Настя вдруг делается обстоятельной, что глупит её, но несильно:
– Ну потому что моя фамилия – Сигута, Марины – Фурсанова. Вот и получается – Фурсиг.
Свечной круг одобряет. Красавицы – высокая и невысокая – переглядываются как бы смущённо.
Дальше.
– Меня зовут Дима Силин. Я тоже из Н… . Тоже сейчас живу в 1-й общаге.
(Голос у Димы детский, какой-то акцентированно-детский. Это странно. Мы же тут все взрослые. И видим: Дима даже не пытается скрыть, что он – ребёнок. А так он высокий, гармонично сложённый, лицо – простое, очень простое, а главное – с этой вот печатью официального детства, с которым почему-то мы должны считаться. Из тактичности. Что, однако, делает нас ещё более взрослыми. И нас (всех) это удовлетворяет.)
– Иван Магнолев. К… . 35-я гимназия. 7-я группа, – лаконично, отчётливо, – чувствуется – этот красный диплом в институте отжарит. Но серьёзен. Крупен. Лицо – продолговато-квадратное, знающее себе цену, правильное. Из сразу же уважения – к нему никаких вопросов.
– Серж. Москва. 3-я общага. 7-я группа, – подхватывает один из четырёх гопников-мажоров (единственный из четвёрки решивший примкнуть к свечному кругу-знакомству, трое других умыкнулись куда-то, презрели нас.)
– А почему решил из Москвы к нам? У вас же там своих два института? – спросил доброжелательно любознательный круг.
– Ну там – свои дела, – уклончиво, но и уверенно отвечает Серж-москвич. – Ну и вообще-то к-й институт крутым считается…
– Круче московских?
– Ну да. Не знали?..
Круг принимает к сведению.
– Оля Лебедева. Бирюково [это маленький городок в к-й области]. Живу в 1-й общаге. Закончила медицинское училище. Решила дальше пойти. – Опытная. Выше нас, но дружащаяся с нами. Некрасивая, как я видел и вижу.
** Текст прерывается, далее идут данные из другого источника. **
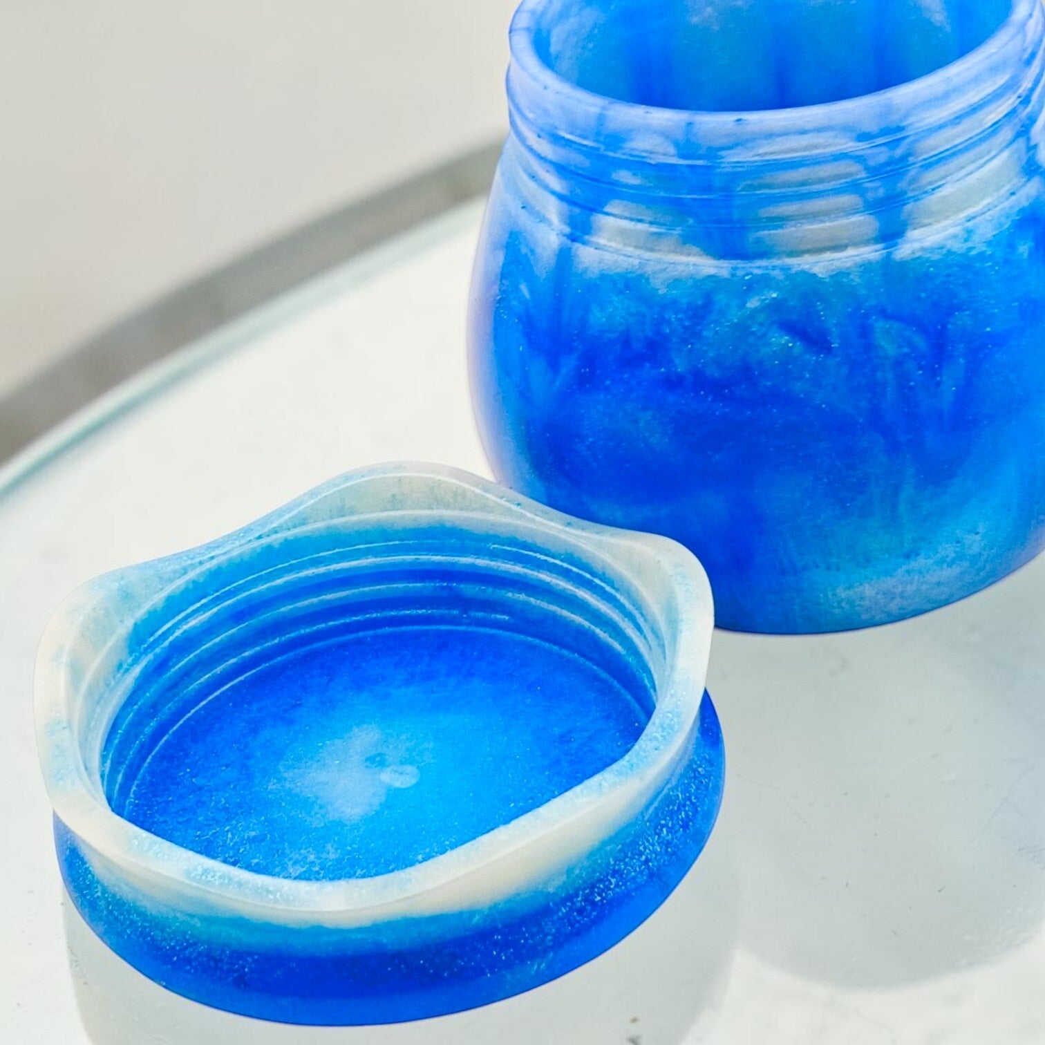 Chaque image révèle une facette de la boîte Murmures d’Hiver : les nuances de bleu, les effets givrés de la résine et cette lumière douce qui semble se déposer délicatement sur la surface.

В полноту, нос крючковатый. Как будто жизнь уже определилась с ней. А с нами, глупыми, она дружится уже как будто от отчаяния, – как будто жизнь – это страшное, жёлтое, хлюпающее, засасывающее болото. И Оля по пояс уже в нём, но всё же машет, машет нам рукой, обманывает себя (не нас, ибо знает, что нас не обманешь).
– Ира. Из Н…, – просто сказала Ира Кузикян. Маленькая, круглое лицо. Черты и правда какие-то с армянским оттенком. Как будто у неё в крови 8 русских и четыре армянина. Впрочем, конечно же, и кто-то из детей и снох Ноя, и Адам, естественно.
– А я – Света, – сказала Света Плавникова, обычная, из всех обычных девушек – самая обычная девушка. Положила ладонь Ире Кузикян на ладонь, – тоже из Н…, и мы живём с Ирой вместе, снимаем домик в К… на улице Носова. Приходите в гости!
Перекинули взгляды дальше. А там тот-самый, с «Алисой» на куртке.
– Вовчик Пермяков. Можно так ко мне и обращаться – Вовчик. Из Н… .
– Вовчик?
– Да, – Вовчик обаятельно метнул взгляд к спрашивающему. Снова мне бросилось в глаза то, что он – фанат рокочущей, громовой, скребущей нервы «Алисы», но говорит при этом мягко, почти лениво, учтиво, осмотрительно.
– Миша Шигарёв. К…, 12-я школа. Если что на «Шугу» отзываюсь?
– А на свист отзываешься? – съязвил Серж.
Шуга хмыкнул задорно (поймал юмор) (хотя было жёстко – я видел, многим не пришёлся по вкусу московский подкол, – неуместен он был в свечах наших уютных).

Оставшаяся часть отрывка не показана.